Был ли то голос Карвакки или черное пиво, но речи мастера хорошо подействовали на Леберехта. Уже одно только объяснение ужасного лишало это ужасное жала. Приободренный примером своего наставника, Леберехт схватил кружку и выпил горького пива больше, чем когда-либо в жизни. Шумно веселящиеся люди вскоре заставили его позабыть о своем тяжелом положении. По лестнице, находившейся напротив входа и как раз в поле зрения Леберехта, чинным шагом спустилась девушка; вернее, то, что это девушка, Леберехт заметил лишь после того, когда она вошла в пивную, поскольку молодая особа была в легкомысленном наряде молодого дворянина. Легкомысленным же ее наряд казался оттого, что носили его таким манером лишь мужчины: узкие штанины, левая – красная, правая – зеленая, а сверху – облегающий камзол в складку с широкими рукавами, который не прикрывал даже колен.

Завсегдатаи кабака – и среди них, вопреки всякой нравственности, две хорошо одетые женщины – захлопали в ладоши и с воодушевлением закричали: «Песню, Фридерика, спой нам песню!»

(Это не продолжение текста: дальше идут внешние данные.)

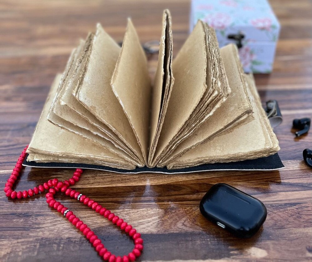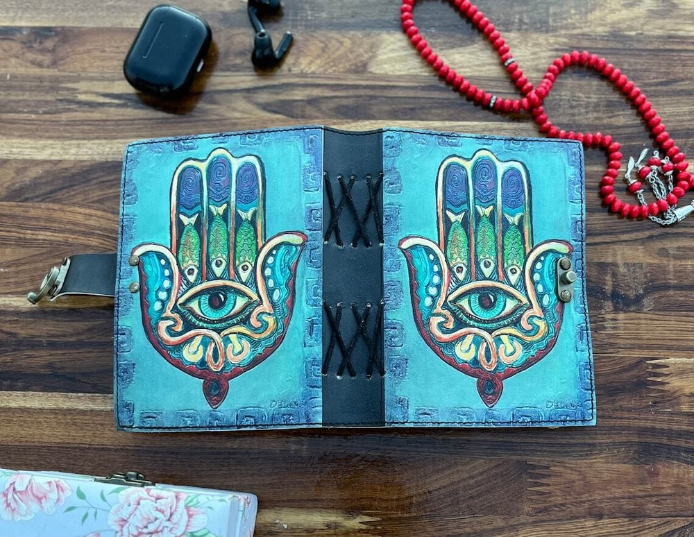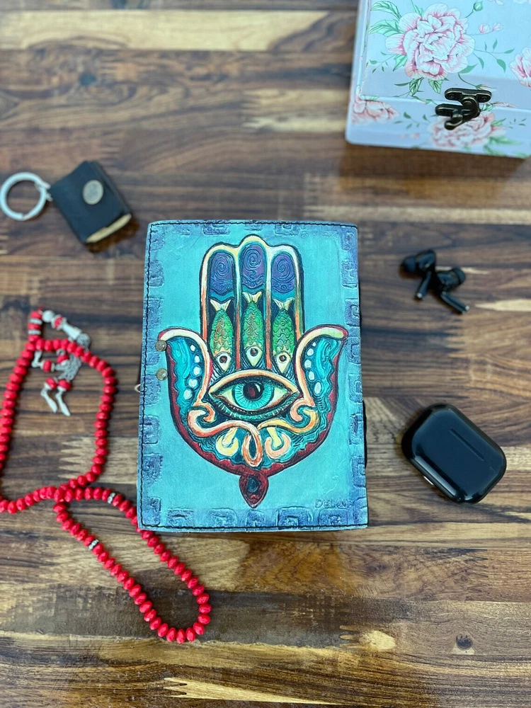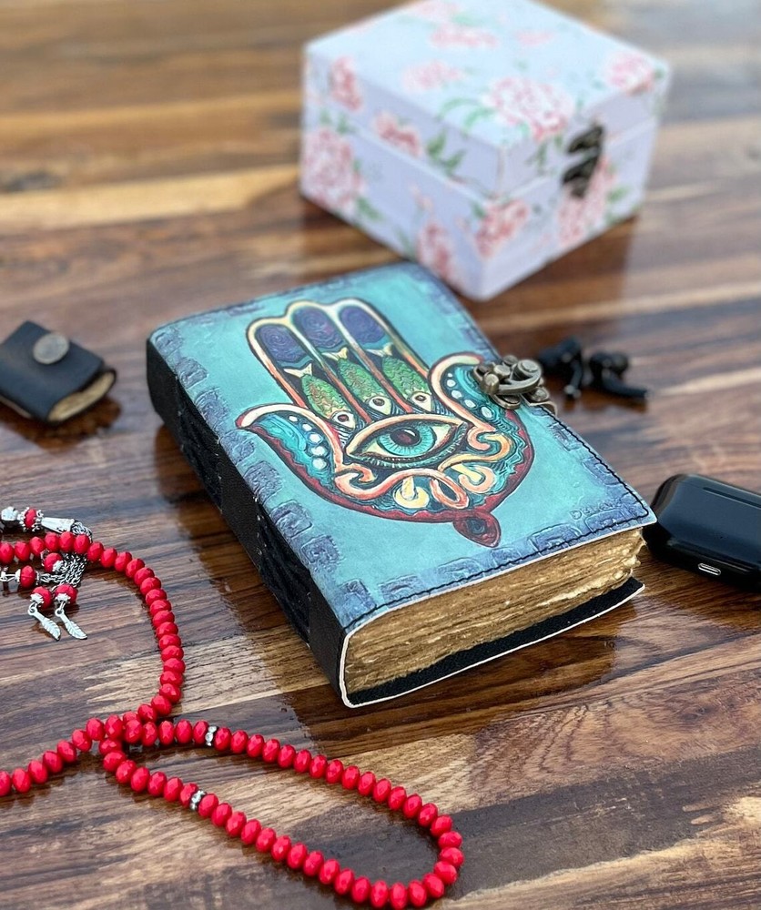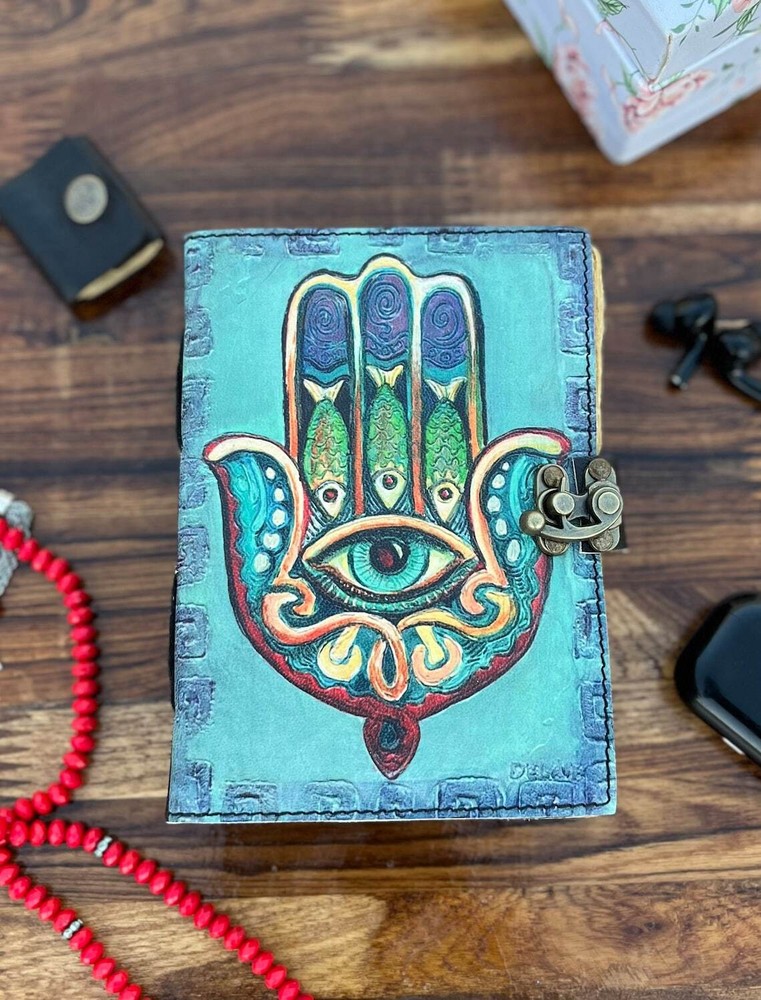 HAMSA LEATHER PRINTED DESIGN - Perfectly print with the Book of Shadows designs, this journal makes a thoughtful gift to anyone of different cultures. UNIQUE HANDMADE VINTAGE PAPER - V 11 Handicrafts. Vintage Journal is made with 200 pages of Antique Paper which looks like it was pulled from history. You will fall in love with the the antique handmade cotton paper which is unique to our Vintage Journal Notebook EXQUISITE & UNIQUE SEMI PRECIOUS STONE: The vintage journal is antique color embossed with a special stone called “lapis lazuli” which helps to reveal inner truth within yourself and encourage self-awareness and self expression. We have taken extra to make sure that the emboss is perfect in every piece. VINTAGE LOCK AND STURDY BINDING - The vintage lock will keep all your valuable writing locked inside.Sturdy hand stitched binding to make sure that no paper comes out loose from your vintage notebook. USE ANY KIND OF PEN - Sketch, Doodle, Write on your Leather Bound Journal with a Calligraphy Pen Fountain Pen, Brush Pen, Ball Pen, Acrylic Colours, Watercolor and many more. We guarantee no bleed through. MANY USES - Can be used as a notepad, journal, writing notebook, sketch book. 1.25 inch thickness, easy for handwriting, drawing or sketching and compact for carrying in your bag. Ideal for alternative Artist Sketchbooks, Photo Album, Traveling Notes, Business Executive, Logbook, Poetry Work, Journalists, Food Planner, Instagram Scrapbook and Bible Journaling.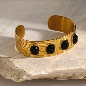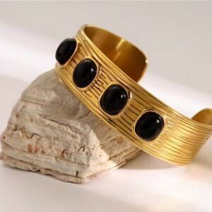 New ANTHRO Black onyx stone gold ss cuff bracelet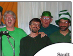 A SHORT HISTORY OF THE SAULT ANTLER'S MEN'S CHORUS SINGING RASTY DRINKIN' HYMNS I tended bar at the Antler's Bar in Sault Ste. Marie, Michigan, in 1970. A Coast Guard 4 striper (Captain) was a regular in the bar. He said he would help me fulfill a fantasy I had since living in Niagara Fall, Ontario. I lived in a cottage on the Canadian side of Lake Erie, near Niagara Falls, from 1965 to 1968, and I was the only American living with a large group from around the world. On weekends, we would travel all over the Niagara Frontier, singing our way into the hearts and beer of all we met. The songs we sang were aptly described as Rasty Drinkin' Hymns, and we were welcomed where ever we went. Now back to my fantasy. I thought if my Coast Guard Captain friend could get me an Able Body Seaman license, I could ship on a lake freighter going through the Sault Locks, and teach a captive crew an hour or so of Drinkin' Hymns. We would jump ship in Detroit or Cleveland, find a recording studio, and make an album of Rasty Drinkin' Hymns. Alas! This never came to be. Fast forward to 1977 in Gettysburg, Pa. I was in the Springhouse Tavern, in the Dobbin House on Steinwehr Ave in Gettysburg, and there were two guys playing a guitar and a piano. During a break in their act, and still carrying my fantasy where ever I went, I asked them if they would like to make an album of Drinkin' Songs. Sean Tschop and Ray Owen took about 1 1/2 to 2 seconds and shouted YES! The Sault Antler's Men's Chorus was born. The name is, of course, from the Antler's Bar in the Sault, where I first had the fantasy. We gradually added members, and our membership in the Antler's had absolutely no requirement of talent or ability. We did and do have musicians in the group, and they do know who they are. It's just that no one has ever cared. During one of our practices, early in our career, there was a young lady in my basement making homemade beer for the group. One of our songs requires a very high, seductive voice, to sing "what color." We asked Jose Swisher Pelc to come up and sing this part for the song. From this moment on, Josie has certainly been the exception to the "Men's Chorus" aspect of the Antler's. Our first album was recorded in 1979, at the Antler's Bar in Sault Ste. Marie, Michigan. We flew from Baltimore to Detroit to Pelston, Mi, and onto the Sault. This was not a sobering event in our lives. One of our stalwarts claimed he was drunk and sober 3 times before we got on the first airplane. Ray Owen put his finger in a blood pressure machine at Detroit Airport, and the machine told him he was dead. This album was done on virgin vinyl, and the vinyl was the only virginal thing about the entire album. For 27 years the Sault Antler's Men's Chorus has been singing to Standing Room Only crowds every St. Patrick's Day in Gettysburg, and occasionally we have been known to sing on the 17th of September, which is half way before or after St. Pat's day. For 27 years we have preserved and protected the Drinkin' Hymn for future generations of singing drinkers or drinking singers. Seamus Garrahy

Фридерика, которая прятала свои темные волосы под бархатным колпаком, подошла к лютнисту, что-то шепнула ему на ухо, и тот заиграл мелодию, сопровождавшуюся ритмичными переборами. Под нее Фридерика запела тонким мальчишеским голосом:

Честолюбие так уязвило Люцифера,

Что он вероломно нарушил союз с Богом.

И хотя он богат дарованиями

Под стать Всевышнему,

В смирении все же не преуспел.

Высокомерие делает бессовестным.

Часто те, кто выносит приговор,

Если куш велик,

Готовы вероломно нарушить закон

И накинуться, как вороны,

На чужое добро,

Как не снилось и язычникам.

Тщеславие делает немилосердным,

Заставляет не щадить никого,

Так что и день и ночь заставляет

Стремиться к чужим коронам.

И такие изверги никому вокруг себя

Не дают жить в мире.

Где у христианина появляется

Слишком много накопленного добра,

Скоро возникают колебания в вере,

Одолевая его подобно чесотке.

Из-за чего даже тот, кто был

Праведным человеком,

Становится атеистом.

Как только девушка закончила, слушатели с восторгом начали бить в ладоши. Они называли Фридерику по имени и тянули к ней руки. Девушка изобразила плутовскую улыбку, но глаза ее были печальны. Какой-то бородач с красными глазами притянул ее к себе на скамью, убеждая выпить из его кружки. Леберехт не мог отвести от нее взгляда. Девушка едва ли была старше его, но черное пиво, похоже, переносила намного лучше.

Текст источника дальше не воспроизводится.